==== Records supplied ====

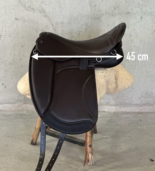 Manufacturer: Jeremy Rudge Saddlery England Model: Contour with pony tree As good as new demonstrator (12/2024), ridden approx. 5 times Color/leather: Deep dark brown doubled Padding: Sheep's wool Special features: Sophisticated horse-friendly mono flap design - panels sewn to the saddle flap, integrated gullets - no irritating edges or exposed straps on the horse's body. Soft knee position, no knee rolls - for a direct, free riding feel in the style of a western saddle Extras: embroidery in the seat, D-rings, protective cover Ideal back shape: straight to slightly curved Price: €3,990 incl. VAT (new price: €6,900)
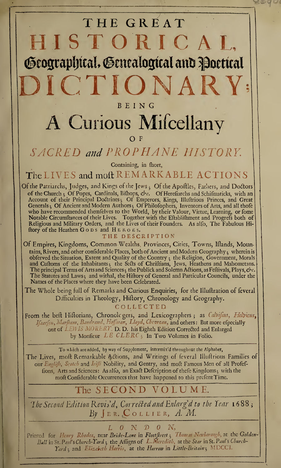 COLLECTED From the best Historians, Chronologers, and Lexicographers; as Calvisius↗, Helvicus↗, Isaacson↗, Marsham↗, Baudrand↗↗fr, Hoffman↗, Lloyd↗, Chevreau↗↗fr, and others : But more especially out of LEWIS MORERY↗, D.D. his Eighth Edition Corrected and Enlarged by Monsieur LE CLERC↗ ; In Two Volumes in Folio.
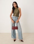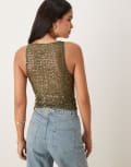 Motel Dudley vest top sequin knit in olive
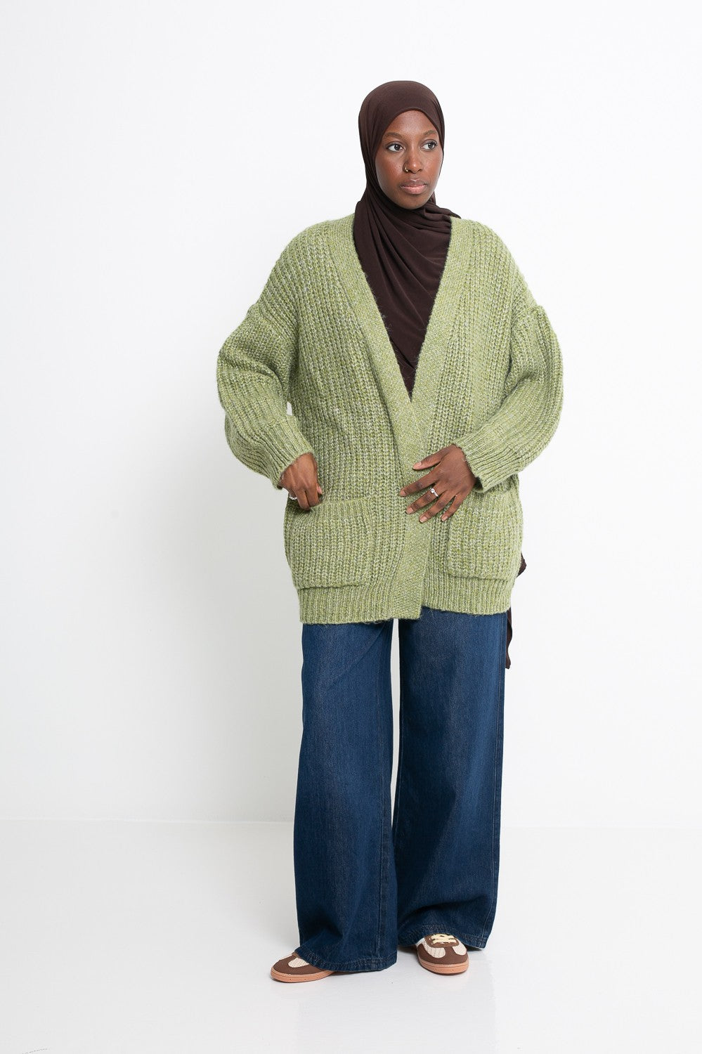 Pour un look décontracté et tendance, nous l’avons porté avec le jean loose light blue, le hijab jersey premium taupe foncé, une paire de baskets bleues pour une touche casual moderne.
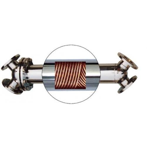 (一)热效率高,更加节省能量(蒸汽):内部独特的反向缠绕、螺旋上升的盘管结构,以逆流方式换热,使蒸汽在换热管束中得以充分冷凝,无须经过二次换热,故可以节省大量蒸汽;

====

**Problem to work on:**
Write the lines out again exactly, beginning at the one containing "COLLECTED From the" and ending with the last line of the entries, but without any pictures.

**Completed task:**
 COLLECTED From the best Historians, Chronologers, and Lexicographers; as Calvisius↗, Helvicus↗, Isaacson↗, Marsham↗, Baudrand↗↗fr, Hoffman↗, Lloyd↗, Chevreau↗↗fr, and others : But more especially out of LEWIS MORERY↗, D.D. his Eighth Edition Corrected and Enlarged by Monsieur LE CLERC↗ ; In Two Volumes in Folio.
 Motel Dudley vest top sequin knit in olive
 Pour un look décontracté et tendance, nous l’avons porté avec le jean loose light blue, le hijab jersey premium taupe foncé, une paire de baskets bleues pour une touche casual moderne.
 (一)热效率高,更加节省能量(蒸汽):内部独特的反向缠绕、螺旋上升的盘管结构,以逆流方式换热,使蒸汽在换热管束中得以充分冷凝,无须经过二次换热,故可以节省大量蒸汽;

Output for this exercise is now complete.